You may think you’ve heard the Peter Principle before-something to the effect that, “In a hierarchy, every employee tends to rise to his level of incompetence.”
But the Peter Principle was more than an alarmingly nasty motto. It was an alarmingly nasty book-and a funny one at that, illustrating the efforts of many managers to seem productive when in fact they’re in over their heads.
Published nearly a half-century ago, the book is now a refreshing tonic for all the feel-good, impossibly Pollyannaish management wisdom being passed around.
To a certain degree the inevitable outcome of anyone’s career can be the fulfillment of the Peter Principle. You do well and get promoted until you are in over your head. This applies to national leaders and leadership models as well.
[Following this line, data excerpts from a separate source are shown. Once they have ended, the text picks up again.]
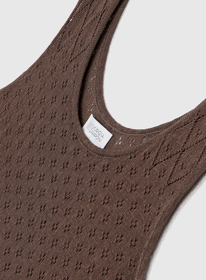 Top di maglia traforata in Lino dalla vestibiliร comfort. Smanicato con scollo ampio a giro. Il filato utilizzato per questo capo ha certificazione Oeko-Texยฎ, che garantisce che i prodotti tessili siano privi di sostanze tossiche per la salute umana l’ambiente, nel rispetto di condizioni di lavoro sicure e salutari.
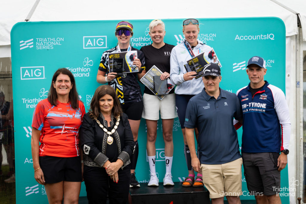David Higgins claimed the National Championship title and finished second overall with a time of 3:52:24, also under the previous course record, affirming the depth of this year’s field. Higgins produced the fastest bike of the race to secure his title. Adam Ward of Strabane Triathlon Club followed his top ten finish at the draft-legal sprint champs at Two Provinces, completing the podium in 3:57:12.
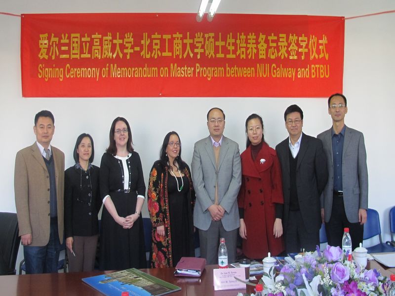 最后,材料与机械工程学院院长黄志刚教授、爱尔兰国立高威大学国际事务办公室主任Anna Cunningham女士代表双方共同签署了《北京工商大学材料与机械工程学院与爱尔兰国立高威大学学术交流备忘录》。
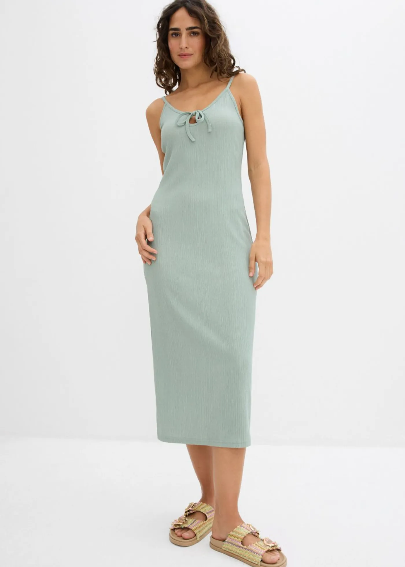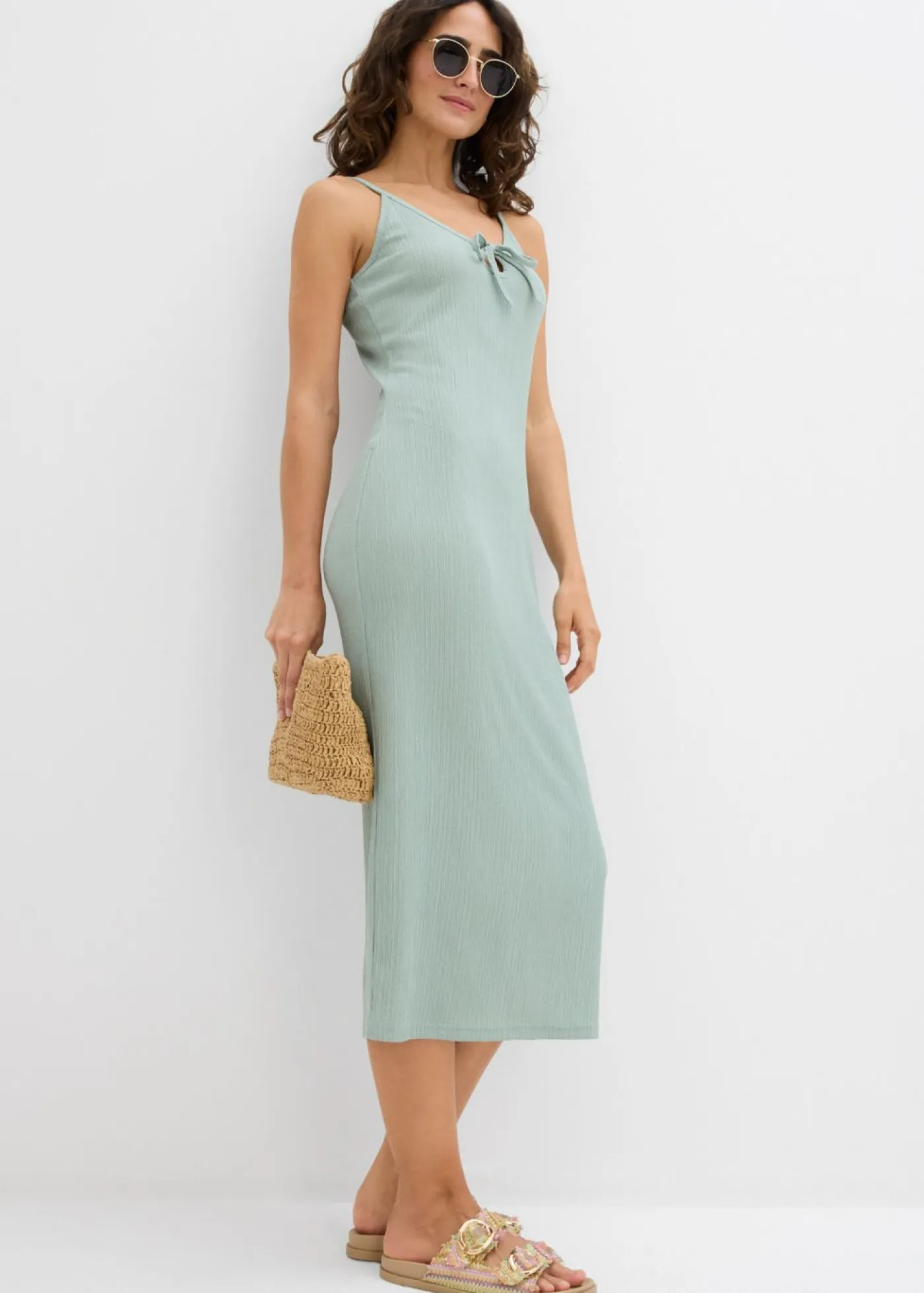 Moderno vestido midi de crepé ligero con detalle de lazo en el escote.

Order versus Disorder and Managed Economies
It is true that primitive economies grow more rapidly if managed from the top. But there comes a time when top down management does not work. Economies that move from top down control to a consumer driven model are able to evolve to a higher level. Japan made the transition around 1970 and South Korea got there around 1990. China is at that point and it remains to be seen if China will be able to make the switch or if the Peter Principle will take effect and further stagnate Chinese economic growth. Philly.com understands this and writes about how the Chinese leadership cannot control things.
The perceptions about Chinese omniscience were created by years of upbeat economic numbers. More recently, the Chinese data indicated the economy was slowing. But now, people are unsure by how much.
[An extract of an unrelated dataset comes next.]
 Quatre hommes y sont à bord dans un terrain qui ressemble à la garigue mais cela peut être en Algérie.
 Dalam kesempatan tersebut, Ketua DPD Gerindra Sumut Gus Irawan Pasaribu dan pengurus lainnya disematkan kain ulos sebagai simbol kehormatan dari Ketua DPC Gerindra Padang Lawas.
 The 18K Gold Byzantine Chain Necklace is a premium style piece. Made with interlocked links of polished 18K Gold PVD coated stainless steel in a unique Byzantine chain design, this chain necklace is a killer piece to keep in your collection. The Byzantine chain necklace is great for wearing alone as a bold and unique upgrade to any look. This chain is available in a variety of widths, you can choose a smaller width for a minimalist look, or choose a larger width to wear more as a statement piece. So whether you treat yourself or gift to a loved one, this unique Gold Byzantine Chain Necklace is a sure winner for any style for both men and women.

Why the change in attitude toward Chinese data? The belief that the numbers were accurate and not managed has been called into question. Actually, as we all probably recognized for a long time but were unwilling to admit, the figures were always managed, at least to some extent, for political purposes. When reality and image diverged significantly, the truth emerged.
The article goes on to say that crude counter-productive interventions have hurt instead of helped and that government planners are less efficient than the market. This is the Peter Principle in full force. What worked in a more primitive economy will not work if China wishes to move on to the world stage in a bigger role. China leadership is fulfilling the Peter Principle and will take its economy down with it.
Going by What Has Worked Before
Many leaders get to the top by mimicking the success of others. They do what has always worked. Top down “managed capitalism” certainly worked to bring China to the level of being the second largest economy in the world. But, China leadership and the Peter Principle have come to bear. The people in charge in China need to loosen control of their economy and their society. That is not their mindset and it is why these people fulfill the Peter Principle. Investors beware.